On the bottom line, where we have std::cout
show us 17 digits of precision, we see that d
is actually not quite 0.1! This is because the double had to truncate the approximation due to its limited memory. The result is a number that is precise to 16 significant digits (which type double guarantees), but the number is not exactly 0.1. Rounding errors may make a number either slightly smaller or slightly larger, depending on where the truncation happens.
Rounding errors can have unexpected consequences:
#include <iomanip> // for std::setprecision()
#include <iostream>
int main()
{
std::cout << std::setprecision(17);
double d1{ 1.0 };
std::cout << d1 << '\n';
double d2{ 0.1 + 0.1 + 0.1 + 0.1 + 0.1 + 0.1 + 0.1 + 0.1 + 0.1 + 0.1 }; // should equal 1.0
std::cout << d2 << '\n';
return 0;
}
1 0.99999999999999989
Although we might expect that d1
and d2
should be equal, we see that they are not. If we were to compare d1
and d2
in a program, the program would probably not perform as expected. Because floating point numbers tend to be inexact, comparing floating point numbers is generally problematic -- we discuss the subject more (and solutions) in lesson 6.7 -- Relational operators and floating point comparisons.
One last note on rounding errors: mathematical operations (such as addition and multiplication) tend to make rounding errors grow. So even though 0.1 has a rounding error in the 17th significant digit, when we add 0.1 ten times, the rounding error has crept into the 16th significant digit. Continued operations would cause this error to become increasingly significant.
Key insight
Rounding errors occur when a number can’t be stored precisely. This can happen even with simple numbers, like 0.1. Therefore, rounding errors can, and do, happen all the time. Rounding errors aren’t the exception -- they’re the norm. Never assume your floating point numbers are exact.
A corollary of this rule is: be wary of using floating point numbers for financial or currency data.
Related content
For more insight into how floating point numbers are stored in binary, check out the float.exposed tool.

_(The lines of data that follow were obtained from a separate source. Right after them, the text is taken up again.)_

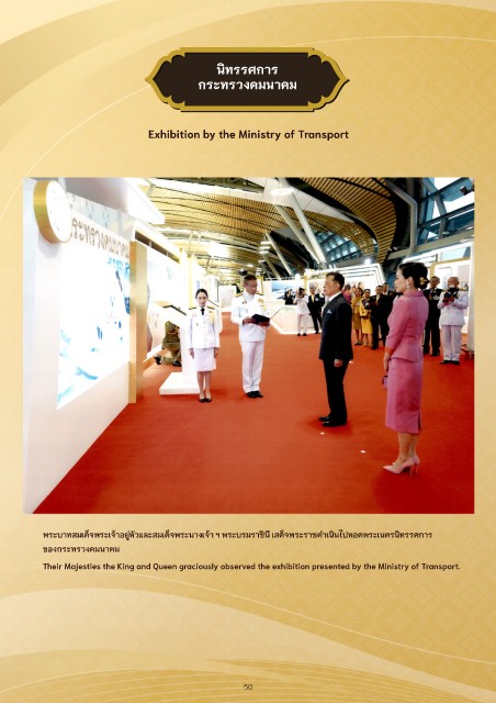 Their Majesties the King and Queen graciously observed the exhibition presented by the Ministry of Transport.
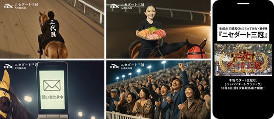 東京シティ競馬(TCK)は、「羽田盃(JpnI)」・「東京ダービー(JpnI)」・「帝王賞(JpnI)」での好評を受け、下半期でも2大レースである「ジャパンダートクラシック(JpnI)」・「東京大賞典(GI)」を盛り上げる特別企画として、現在、世の中の大きな関心事となっている「生成AI」を活用した競馬CMシリーズを展開。第4弾として、~生成AIで競馬CMつくってみた・第4弾~ 『ニセダート三冠』 の公開が決定しましたのでお知らせします。
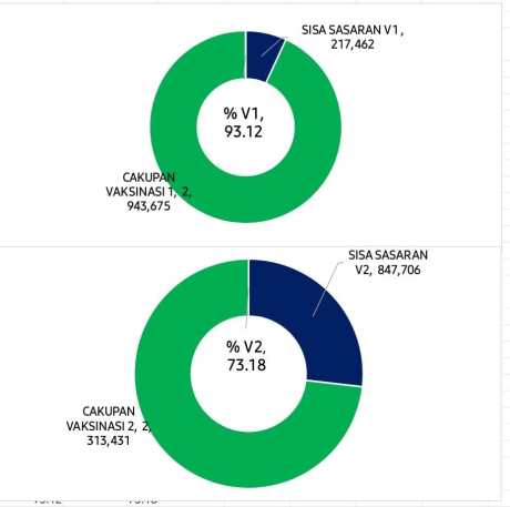 Sementara dosis kedua mencapai 73,18 persen atau sudah sebanyak 2,3 juta lebih orang divaksin. Sasaran vaksinasi 1 dan 2 sebanyak 6.322.274 jiwa.

To learn more about floating point numbers and rounding errors, floating-point-gui.de and fabiensanglard.net have approachable guides on the topic.
NaN and Inf
IEEE 754 compatible formats additionally support some special values:
- Inf, which represents infinity. Inf is signed, and can be positive (+Inf) or negative (-Inf).

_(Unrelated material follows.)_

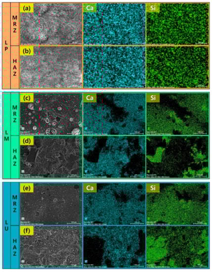 Figure 6b,d,f). In case of the LP specimen, the compositional distribution of calcium and silicon is similar to the microstructures of the MRZ and HAZ. On the other hand, in the LM and LU specimen, the components of calcium and silicon are similar in MRZ. However, in HAZ, silicon is observed in areas without calcium. The cement and silicate-based materials are melted due to the laser irradiation, and then mixed with each other. After that, the molten concrete is resolidified in a mixed state. Therefore, calcium and silicon show a similar distribution in the MRZ. On the other hand, calcium and silicon in the HAZ do not mix with each other since the temperature of the cement-based materials remained in a solid phase. Thus, the LM and LU are mixed with silicate-based materials so that the distribution of calcium and silicon is clearly observed. However, in the LP specimen, this distribution is not apparent due to the cement paste being mixed only with cement and water.

- NaN, which stands for “Not a Number”. There are several different kinds of NaN (which we won’t discuss here).
- Signed zero, meaning there are separate representations for “positive zero” (+0.0) and “negative zero” (-0.0).
Formats that are not compatible with IEEE 754 may not support some (or any) of these values. In such cases, code that uses or generates these special values will produce implementation-defined behavior.
Here’s a program showing all three:
#include <iostream>
int main()
{
double zero { 0.0 };
double posinf { 5.0 / zero }; // positive infinity
std::cout << posinf << '\n';
double neginf { -5.0 / zero }; // negative infinity
std::cout << neginf << '\n';
double z1 { 0.0 / posinf }; // positive zero
std::cout << z1 << '\n';
double z2 { -0.0 / posinf }; // negative zero
std::cout << z2 << '\n';
double nan { zero / zero }; // not a number (mathematically invalid)
std::cout << nan << '\n';
return 0;
}
And the results using Clang:
inf -inf 0 -0 nan
Note that the results of printing Inf
and NaN
are platform specific, so your results may vary (e.g. Visual Studio prints the last result as -nan(ind)
).
Best practice
Avoid division by 0.0
, even if your compiler supports it.
Conclusion
To summarize, the two things you should remember about floating point numbers:
- Floating point numbers are useful for storing very large or very small numbers, including those with fractional components.
- Floating point numbers often have small rounding errors, even when the number has fewer significant digits than the precision. Many times these go unnoticed because they are so small, and because the numbers are truncated for output. However, comparisons of floating point numbers may not give the expected results. Performing mathematical operations on these values will cause the rounding errors to grow larger.